Grant’s lawyer would see it as standard due diligence. Grant himself probably wouldn’t even read that far into the document before signing, and that was exactly what we were counting on.
The week between sending our counterproposal and the scheduled signing became an exercise in emotional compartmentalization. I went to work, conducted client meetings, responded to emails about CloudSync Pro updates. I had dinner with Grant twice, once at his loft, once at a new sushi place he wanted to try. I smiled, laughed at his jokes, discussed whether we should register for the expensive stand mixer or the midrange one. But I was watching him now, really watching, and I was seeing things I’d trained myself not to notice for three years. The way he always ordered the most expensive wine at restaurants, then complained about the cost of groceries when we shopped together. How he’d casually mention the price of his watch or his suit or his shoes to the waiter, the valet, anyone who might be impressed. How he positioned himself in group photos to be central, visible, important.
On Wednesday night, I attended a dinner with some of his business associates at an upscale steakhouse downtown. Grant held court at the head of the table, describing a major deal he was closing next week with a commercial developer. I knew from his earlier venting sessions that the developer was still months away from making any decisions, but Grant told the story like it was already done.

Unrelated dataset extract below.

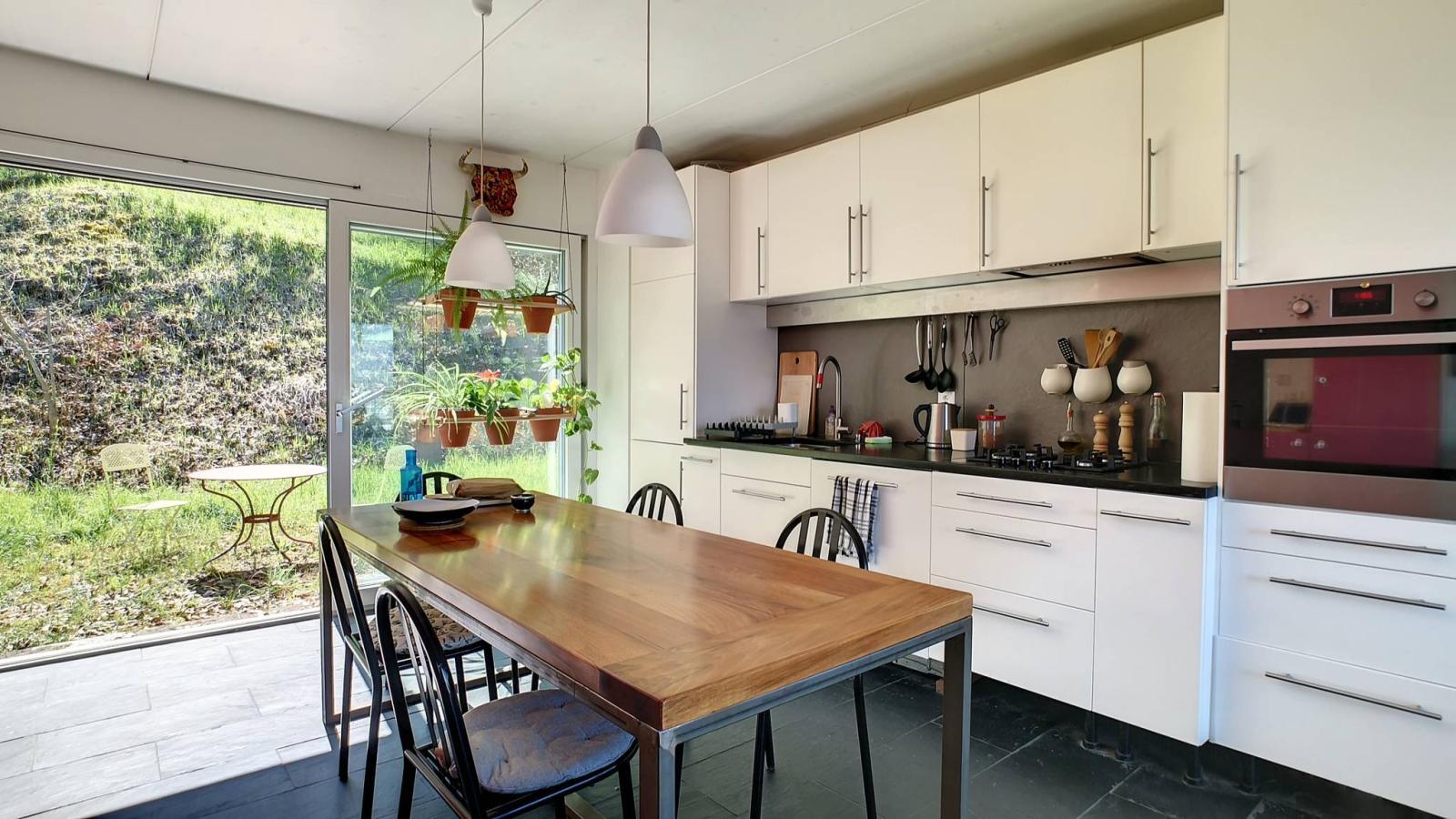 Die 2013 mit hochwertigen Materialien erbaute Villa profitiert von einer modernen und durchdachten Architektur, die ihren Bewohnern funktionale Räume sowie sehr schönes natürliches Licht von morgens bis abends bietet. Die großzügige Wohnfläche von ca. 210 m² verteilt sich auf 2 Ebenen und umfasst derzeit eine eigenständige 2,5-Zimmer-Unterkunft im Erdgeschoss. Die Aufteilung wurde so gestaltet, dass jedes Zimmer einen schönen Blick nach draußen bietet.

“Harrison and Associates is expanding,” he announced, his second bourbon loosening his tongue. “We’re looking at bringing on two more full-time associates. Maybe opening a satellite office in Denver.”
His business partner, a quiet man named Tom, glanced at me with barely concealed confusion. I’d heard Tom on speakerphone just last week telling Grant they couldn’t afford new hires until at least three more clients came through. But Grant was performing, and everyone at that table was his audience, including me.

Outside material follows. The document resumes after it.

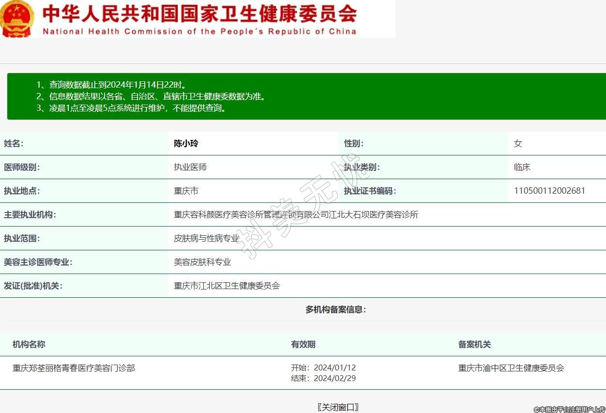 主要執(zhí)業(yè)機(jī)構(gòu):重慶容科顏醫(yī)療美容診所管理連鎖有限公司江北大石壩醫(yī)療美容診所

I used to find his confidence attractive. Now I saw it for what it really was. A desperate need to be perceived as successful regardless of the reality beneath.
When I got home that night, I sat in my parked car outside my apartment building for ten minutes, my hands resting on the steering wheel, my mind turning over a question I’d been avoiding. Had I ever really known him? Or had I just loved the version of himself he performed for me?
Saturday morning, my sister Maya called.
“So,” she said, her voice bright with curiosity, “Grant wants a prenup. That’s actually really mature of him. Most guys are too proud to even bring it up.”
I was making coffee in my small kitchen, the morning sunlight streaming through the window. For a moment, I considered keeping it light, giving her the sanitized version. But Maya was the only family member who knew about my real financial situation. I’d told her two years ago when she’d asked to borrow money for a down payment on her first house.
“Yeah, he wants a prenup,” I said carefully. “But Maya, you should see what his lawyer drafted.”
“Why? Is it bad?”
I told her about the clauses, the sixty-percent provision, the alimony waiver, the engagement ring classified as returnable property. With each detail, the silence on her end grew heavier.
“Wait,” Maya finally said, her voice sharp, “he’s treating you like you’re after his money, Paige. You could buy his entire business twice over and still have money left for a villa in Tuscany.”
We both laughed, but it came out bitter and hollow.
“This is insane,” Maya continued. “Does he have any idea who you actually are?”